Had to post this, because a week later, it makes me smile. :sadsmile:

These are The Boys. Malarkey is on the left, with the white nose. Eamon is on the right.

They were about 18 mos old here, I believe.

Malarkey & Eamon (http://i2.photobucket.com/albums/y6/pintopiaffe/Malarkeyandeamon.jpg?t=1281772172)

Zu Zu
Aug. 14, 2010, 08:47 AM
Love the photo ~ RIP Malarkey ~ knowing you are loved & missed by your family ~

fivehorses
Aug. 14, 2010, 09:10 AM
Ok, now I am crying my eyes out. As some know, I am dealing with the same thing with my akita, and every day, I ask, is this the day. I watch her, and pray she isn't in pain. Akitas are very stoic.

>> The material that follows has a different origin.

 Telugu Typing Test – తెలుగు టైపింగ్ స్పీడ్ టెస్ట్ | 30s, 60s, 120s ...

She sleeps a lot, and right now is in her fav spot in the garage. She still runs after the intruder in the woods when my choc runs after some deer or bear or whatever. But, I know her time is short.

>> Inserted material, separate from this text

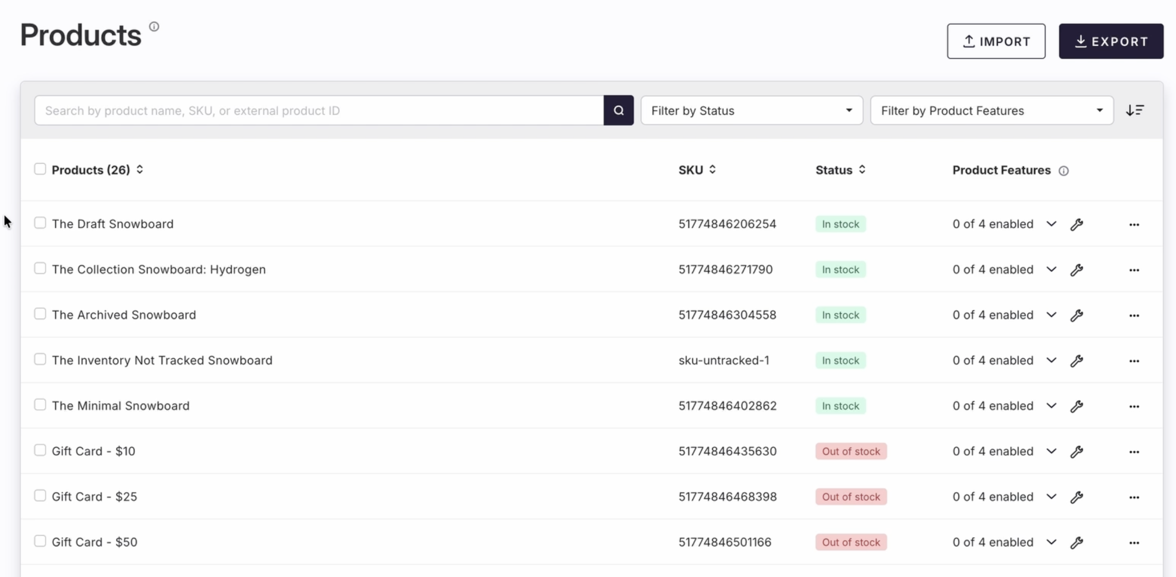 Before we head back to Shopify, first let's make sure Ordergroove has all of the sample Shopify products available. In Ordergroove, go to Data > Products. You should see the list of Shopify sample products. If you don't see any products yet, give it 5-10 minutes and refresh the page. The speed can vary depending on how fast Shopify responds to us.

So, reading these posts and heartbreaking stories, well, it hits too close. PintoPiaffe, how lucky you are to have a friend like that man at work. A kindred spirit...I am sure you have brought him as much friendship as he has shown to you.

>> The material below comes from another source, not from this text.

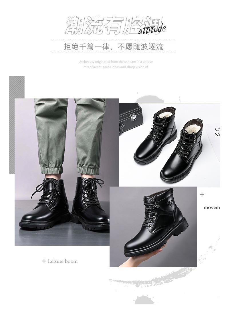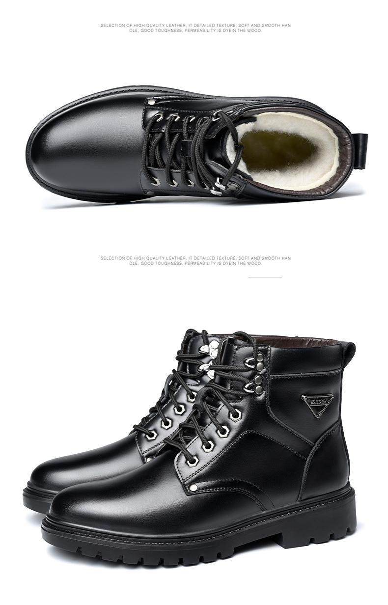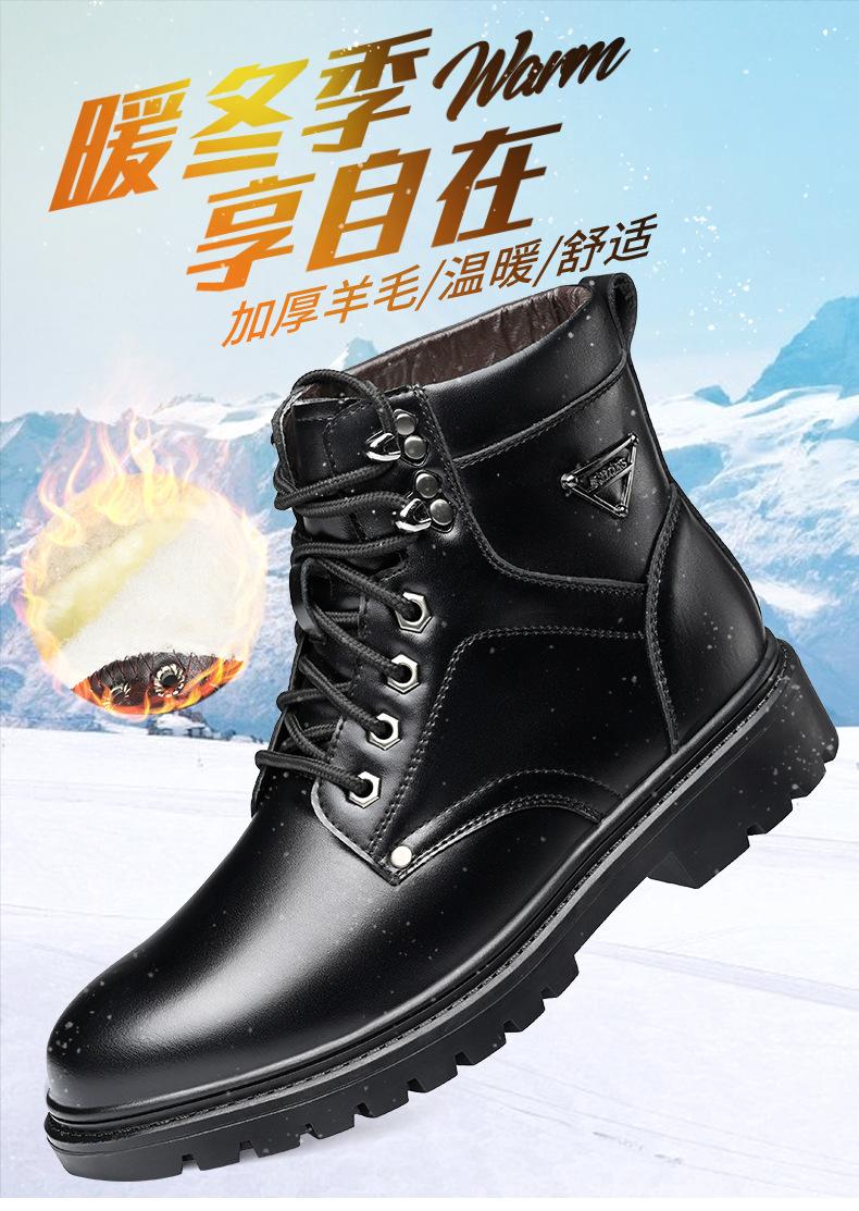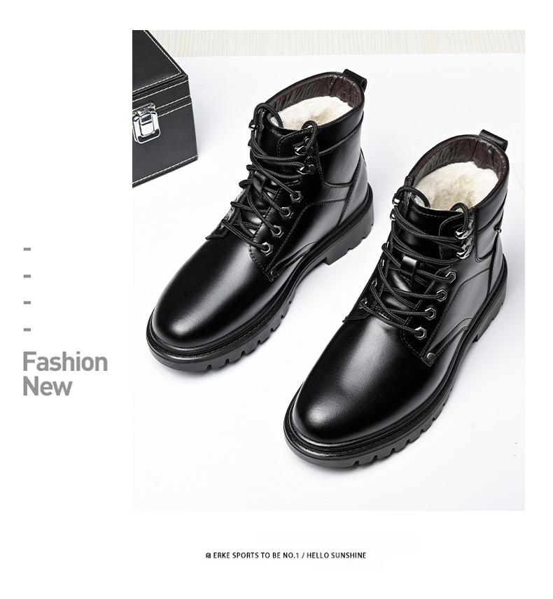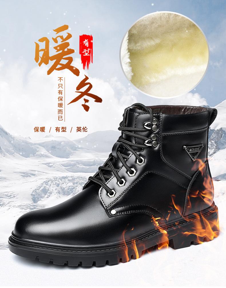 Compre Botas Martin masculinas couro genuíno inverno quente mais veludo sapatos de algodão cano alto botas de couro botas de trabalho ao ar livre botas casuais antiderrapantes no atacado no Joom.pro

I sometimes wonder why we have animals, they bring us joy for sure, but the heartbreak seems unbearable sometimes.
Godspeed Malarky~

pintopiaffe
Aug. 14, 2010, 09:52 AM
Ohh... Fiveh... :cry:

I am told, and I believe, that the tumors are not painful. Malarkey did not even show pain in any way his last day. His breathing was a little labored because of the fluid filling his abdominal cavity, not because of pain.

I can say, (a week later) it is not the worst way to go.

(((hugs)))

I was just sent this quote last night. I don't know who to attribute it to...

God doesn't give you the people you want; He gives you the people you NEED... to help you, to hurt you, to leave you, to love you and to make you into the person you were meant to be.

Now insert "creatures" either instead of--or in addition to "people."

eh?

<sniffle> :sadsmiles: <sniffle>

pintopiaffe
Aug. 14, 2010, 09:58 AM
Pinkdiamond... I missed your post the first time, last on the page...

I can safely say, that while the tree is gone, those who were buried beneath it are now ALWAYS a part of your farm.

They are, quite literally, part of the soil, the flowers, the grass... and as such, will continue in all creatures that live there, as long as there are creatures there.

It is the cycle of life.

I know it's hard. I lost the tree that I planted when my little Ember foal was lost. (he was my first unattended in more than 60+ foals, and I won't ever know if he would have lived if I was there... was early, just hours before I returned... ) Somehow it was a double blow.

But there is now a wildflower garden there. And when I spot a wildflower somewhere *else* on the farm, that has come from THAT garden, I smile. Because it is part of it.

:sadsmile:

tikihorse2
Aug. 14, 2010, 10:39 AM
So, so sorry about Malarkey. He's with my cats Leia, Skittles, and Sol, and my dear Tiki horse.

*HUGS*

Kim

Larksmom
Aug. 14, 2010, 04:55 PM
I haven't been around for awhile. If I am not too late, I will lift a glass for your sweet dog.

Rhyadawn
Aug. 14, 2010, 05:59 PM
I can't believe I missed this. I'm so sorry PintoP. ((HUGS))

I believe they go to a better place, and he did not suffer. They tell us when it's time for them to go.